The Department of the Navy, Naval Supply Systems Command, FLC Norfolk, may have a continuing requirement for Cyber Operational Test & Evaluation (OT&E) Support for Commander Operational Test and Evaluation Force (COMOPTEVFOR).

N/A

The contractor shall provide services to meet the following:

• Technical and management support services to the Commander Operational Test and Evaluation Force (COMOPTEVFOR). The scope of this PWS includes but is not limited to support documentation, template development, toolset development management, test execution, future capabilities research and development, cybersecurity infrastructure design, build and management, RMF support, and DoD Red Team certification documentation development.
• The CONTRACTOR shall provide support for Cyber OT&E mission by developing and editing complex technical documents to include, Test and Evaluation Masters Plans (TEMP), TEMP input letters, TEMP comment letters, Integrated Evaluation Frameworks (IEF), test plans, and final reports.
• The CONTRACTOR shall develop and review a variety of other test-related documents, such as forwarding letters, Letters Of Observation (LOO), modeling and simulation accreditation letters, letters of instruction (LOI), and any other documents supporting the Cyber OT&E mission.
• The CONTRACTOR shall conduct Cooperative Vulnerability Penetration Assessments (CVPA) and Adversarial Assessments (AA) under COMOPTEVFOR authorities and guidelines.

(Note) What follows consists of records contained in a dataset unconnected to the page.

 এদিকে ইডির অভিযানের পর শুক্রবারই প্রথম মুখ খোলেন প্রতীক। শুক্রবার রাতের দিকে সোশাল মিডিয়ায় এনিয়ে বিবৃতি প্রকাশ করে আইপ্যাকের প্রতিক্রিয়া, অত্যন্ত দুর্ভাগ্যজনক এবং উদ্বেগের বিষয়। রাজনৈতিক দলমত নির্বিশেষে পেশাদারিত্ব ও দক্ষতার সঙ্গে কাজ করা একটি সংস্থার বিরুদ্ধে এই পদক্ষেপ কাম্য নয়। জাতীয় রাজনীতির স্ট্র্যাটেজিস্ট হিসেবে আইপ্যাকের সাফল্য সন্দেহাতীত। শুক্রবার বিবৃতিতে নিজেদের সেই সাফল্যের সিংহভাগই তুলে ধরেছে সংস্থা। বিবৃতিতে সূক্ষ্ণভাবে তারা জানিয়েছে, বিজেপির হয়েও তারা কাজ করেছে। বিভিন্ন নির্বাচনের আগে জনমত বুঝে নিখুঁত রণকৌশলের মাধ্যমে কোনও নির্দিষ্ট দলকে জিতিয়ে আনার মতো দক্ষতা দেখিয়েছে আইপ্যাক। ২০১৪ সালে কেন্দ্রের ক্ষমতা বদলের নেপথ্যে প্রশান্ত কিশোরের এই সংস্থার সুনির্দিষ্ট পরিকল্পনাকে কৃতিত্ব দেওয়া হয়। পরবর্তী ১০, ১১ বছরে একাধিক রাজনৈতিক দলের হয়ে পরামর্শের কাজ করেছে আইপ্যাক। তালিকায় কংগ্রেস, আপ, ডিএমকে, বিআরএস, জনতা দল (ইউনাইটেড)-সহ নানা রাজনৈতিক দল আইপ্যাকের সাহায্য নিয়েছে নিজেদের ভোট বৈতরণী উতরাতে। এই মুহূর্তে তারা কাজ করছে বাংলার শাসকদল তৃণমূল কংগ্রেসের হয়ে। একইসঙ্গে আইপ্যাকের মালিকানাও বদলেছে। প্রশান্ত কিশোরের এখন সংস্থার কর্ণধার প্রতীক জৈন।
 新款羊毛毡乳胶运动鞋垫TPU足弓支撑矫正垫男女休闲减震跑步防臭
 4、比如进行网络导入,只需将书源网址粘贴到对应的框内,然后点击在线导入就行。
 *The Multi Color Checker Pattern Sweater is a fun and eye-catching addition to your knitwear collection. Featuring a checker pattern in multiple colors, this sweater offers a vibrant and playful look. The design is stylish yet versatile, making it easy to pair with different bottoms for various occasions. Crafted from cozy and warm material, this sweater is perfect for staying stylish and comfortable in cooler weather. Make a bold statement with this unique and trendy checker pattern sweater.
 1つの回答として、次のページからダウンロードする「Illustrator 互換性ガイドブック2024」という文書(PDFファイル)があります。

The CONTRACTOR works with Operational Test Directors (OTD) and Cyber Test Engineers (CTE) to develop test objectives and to execute the tests. The nature of the work requires that the contractor work with subject matter experts that often involves advanced, state-of-the-art techniques and concepts.

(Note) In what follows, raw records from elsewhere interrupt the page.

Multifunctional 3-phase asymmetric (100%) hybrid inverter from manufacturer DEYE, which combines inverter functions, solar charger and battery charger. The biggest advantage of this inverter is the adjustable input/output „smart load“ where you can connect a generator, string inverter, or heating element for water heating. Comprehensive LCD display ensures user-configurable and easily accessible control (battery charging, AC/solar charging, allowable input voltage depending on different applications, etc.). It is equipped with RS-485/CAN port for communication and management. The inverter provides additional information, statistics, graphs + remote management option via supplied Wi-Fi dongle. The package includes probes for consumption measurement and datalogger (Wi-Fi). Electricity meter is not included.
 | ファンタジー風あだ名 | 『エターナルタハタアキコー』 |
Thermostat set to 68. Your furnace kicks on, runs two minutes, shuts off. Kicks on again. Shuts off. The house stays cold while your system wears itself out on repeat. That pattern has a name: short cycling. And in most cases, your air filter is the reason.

• The CONTRACTOR shall design, install, and upgrade as necessary the COMOPTEVFOR Cyber Test Infrastructure to include the Cyber Attack Lab, Analysis Lab, Training Lab, toolset, and Flyaway kits to support COMOPTEVFOR Cyber OT&E mission as well as management and setup of the range node for exercise, training, and risk reduction events.
• The CONTRACTOR shall administer and maintain the Cyber Test Infrastructure, including network and system security, patch management, reviewing system logs, monitoring system activities, maintaining user access administration, generate backup and recovery planning, maintaining physical security, and disabling unnecessary services.
• The CONTRACTOR shall maintain and comply with all Department of Defense (DoD), Department of the Navy (DON) cybersecurity policies and guidance as applicable, such as Secure Technical Implementation Guides (STIG), and Tasking Order (TASKORD).
• The CONTRACTOR shall create and update Risk Management Framework (RMF)/Assessment and Authorization (A&A) artifacts, as well as assess cybersecurity compliance requirements to support Risk Management Framework and to obtain Authority to Operate (ATO) for COMOPTEVFOR Cyber Test Infrastructure and toolset.
• Additionally, the CONTRACTOR shall create and update red team certification and accreditation (C&A) artifacts to support the red team certification and accreditation.